Melalui RT/RW, pemerintah militer Jepang mengerahkan manusia dan harta benda masyarakat untuk mendukung pemenangan mereka dalam Perang Dunia II.
Melalui RT/RW pula mereka mengendalikan rakyat—mendeteksi warga yang subversif dan menghukumnya. Tonarigumi ini juga diterapkan di tanah jajahan Jepang lainnya seperti Vietnam, Korea Selatan, dan Filipina.
Setelah Jepang kalah perang, tonarigumi dihapuskan kecuali di Indonesia. Namanya berubah menjadi RT/RW.
Di Indonesia merdeka, lembaga ini dimanfaatkan sebagai “ujung tombak” birokrasi serta menjaga kerukunan warga. Pembentukannya dilakukan secara swakarsa oleh masyarakat, tanpa paksaan seperti pada masa Jepang. Tersebab manfaatnya, RT/RW terus dipertahankan hingga sekarang.
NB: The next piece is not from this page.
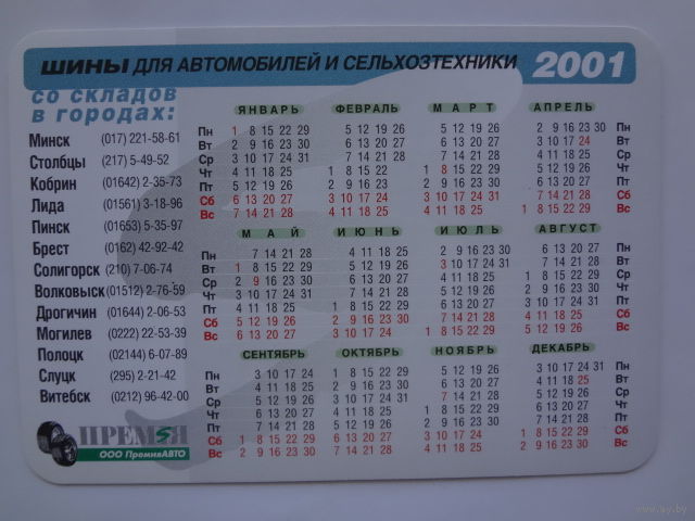 Календарик 2001 г. Шины для автомобилей и сельхозтехники.

Namun, “ujung tombak” itu sesungguhnya bermasalah secara mendasar, yakni tidak melekat pada birokrasi desa. Secara resmi lembaga ini bukanlah bagian dari struktur birokrasi, melainkan lembaga swakarsa masyarakat.
Keberadaannya sesungguhnya bersifat suka rela. Hanya karena pemerintah membutuhkannya, lembaga ini harus diadakan. Status RT/RW ambigu, keduanya adalah lembaga swakarsa masyarakat, tetapi juga organ birokrasi.
Dengan ambiguitasnya itu RT/RW terus difungsikan sejak awal kemerdekaan, terutama di Jawa lalu diduplikasi di tempat-tempat lain. Sampai berakhirnya Orde Baru, RT/RW berjalan “tanpa masalah”.
Ini dimungkinkan karena selama periode tersebut permasalahan sosiogeografis dan kependudukan relatif masih sederhana dan pemerintahan dikelola secara sentralisitik dan otoriter.
Namun, dalam tiga dekade terakhir, menjalankan fungsi RT/RW tidaklah mudah. Penyebabnya adalah peningkatan jumlah penduduk, percepatan mobilisasi, perubahan komposisi dan struktur penduduk.
Pada gilirannya semua itu meningkatkan kompleksitas permasalahan sosial seperti kriminalitas, konflik antarwarga dengan berbagai motif (ekonomi, politik, SARA).
Di sisi lain bergulirnya Reformasi serta era teknologi informasi menuntut RT/RW agar lebih terbuka, adaptif, aspiratif, dan gesit, tetapi tetap dalam rambu-rambu sosial dan hukum.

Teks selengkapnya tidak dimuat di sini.